The Problem:

Every year, poor road conditions cost drivers and logistics companies over $160 billion in vehicle repairs and wasted fuel. A big part of the reason is that modern maps don't keep track of real-time road quality. At the same time, buckled pavement and icy sidewalks lead to hundreds of thousands of injuries, costing the U.S. health system over $50 billion in annual medical bills. This loss is entirely avoidable if we simply had the real time data to navigate the perfect balance between speed and safety. That's where SafeStep comes in.

The Solution:

We bridge the gap between "fastest" and "safest" by turning every trip into a data-gathering mission. Here is how it works:

Crowdsourced Vision: Users capture and upload photos of road and sidewalk conditions in real-time as they navigate, similar to how existing driving maps like Waze and Apple Maps work.
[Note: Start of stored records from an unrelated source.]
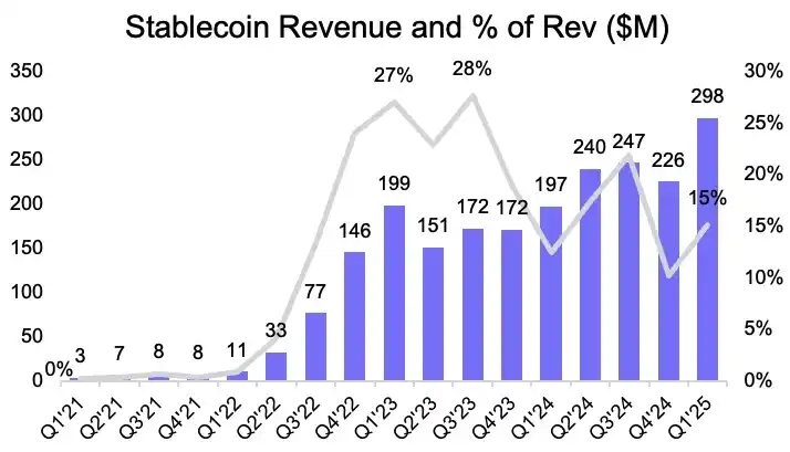 Coinbase 的稳定币收入及收入占比。资料来源:Coinbase 季度报告,Artemis
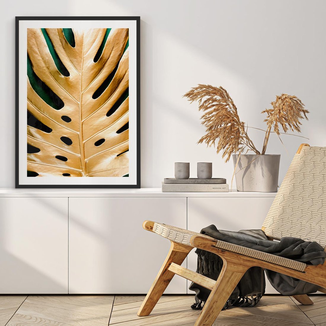 Odkryj piękno i styl złotych liści monstera na obrazie. Dodaj swojemu wnętrzu wyjątkowego uroku i odczuj elegancję, która emanuje z tej minimalistycznej kompozycji.
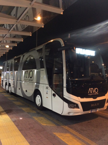 До автостанции Тибуртина от отеля добирались на метро. Выезд с автостанции по расписанию. Билеты покупали заранее, онлайн. При посадке контролер просканировал штрих-код билета, который я распечатал. Автобус очень комфортный, двухэтажный, с кондиционером, туалетом. На дороге была стабильная скорость 100 км\ч.

AI Analysis: Our system uses the Gemini API to run instant inference on every image, automatically identifying hazards like deep potholes, buckled pavement, or black ice as well as providing "severity scores" for each hazard based on their danger level.

Custom Inference Pipeline: Engineered a custom perception pipeline by integrating a fine-tuned YOLOv8 segmentation model with Depth-Anything-V2. Developed logic to cross-reference instance masks with depth maps, enabling real-time calculation of hazard dimensions and severity levels.

Dynamic Routing: This location-tagged hazard data is fed into our database to update the map live, allowing our algorithm to calculate the optimal path that balances travel time with surface integrity. For walking, the user is presented with three options, a regular, accessibility-friendly, and safe option, each prioritizing different hazards to avoid or safe areas to stay within.

How we built it:

Our system processes infrastructure data through a cascaded pipeline that merges computer vision with geographic intelligence and rich database storages for GIS data:

FastAPI Inference Engine: A high-performance Python wrapper around PyTorch and YOLO models for real-time pothole detection and depth estimation.

A* Routing Algorithm: Custom pathfinding logic that calculates optimal repair or transit routes based on real-world road and sidewalk hazards.

Leaflet Integration: Renders dynamic, interactive maps on the frontend to visualize detected issues with sub-meter precision.

The Data Layer: PostGIS Standard relational databases aren't enough for spatial data. We use PostgreSQL with the PostGIS extension to store road networks as geometric objects. This allows us to run complex proximity queries and routing graphs directly in the database.

Challenges we ran into:

Overriding the edge weights with our hazards was difficult, as the underlying edge graph for our map is extremely dense. We solved this through a combination of pre-processing hazard weights, dynamic edge adjustment with hazard additions, and optimizing runtime route calculations through localization.

Maintaining a consistent schema and abstraction layers across the project proved to be difficult with four coders constantly iterating on the codebase. Edges, API routes, Hazards, Routes Types, and other variations on similar ideas raised challenges across implementations. We often required refactors across classes to ensure a consistent, optimized pipeline.

Project database architecture proved to be an interesting design challenge. Our project required several, interlinked databases to function properly, which were a mix of mutable/immutable databases that often contained references to other objects or tables entirely.

Accomplishments that we're proud of:

Context-aware hazard intelligence - Built a Gemini-powered classification engine that doesn't just see a pothole, but understands the risk. By utilizing the vision capabilities of LLMs, we transformed slow, manual reporting into instant, high-fidelity hazard assessments.

Integrated technical precision - Successfully bridged the gap between high-level reasoning and physical metrics by fusing Gemini’s contextual analysis with specialized segmentation and depth-estimation APIs.

What we learned:

Fine tuned models beat general models for precision - Fine models offer superior precision over general-purpose alternatives. Our fine tuned YOLOv8 architecture significantly outperformed standard weights in detecting road hazards.

What's next for SafeStep:

Global Road Intelligence — We are expanding our footprint beyond Providence. Our roadmap includes onboarding all major metropolitan hubs, featuring localized calibration of our hazard weights to account for the unique infrastructure and traffic patterns of each specific city.

Specialized Neural Architecture — While base Gemini provides the foundation, we are moving toward a custom-tuned vision model. By fine-tuning a model specifically for infrastructure forensics, we will achieve even higher precision in identifying road degradation and safety anomalies.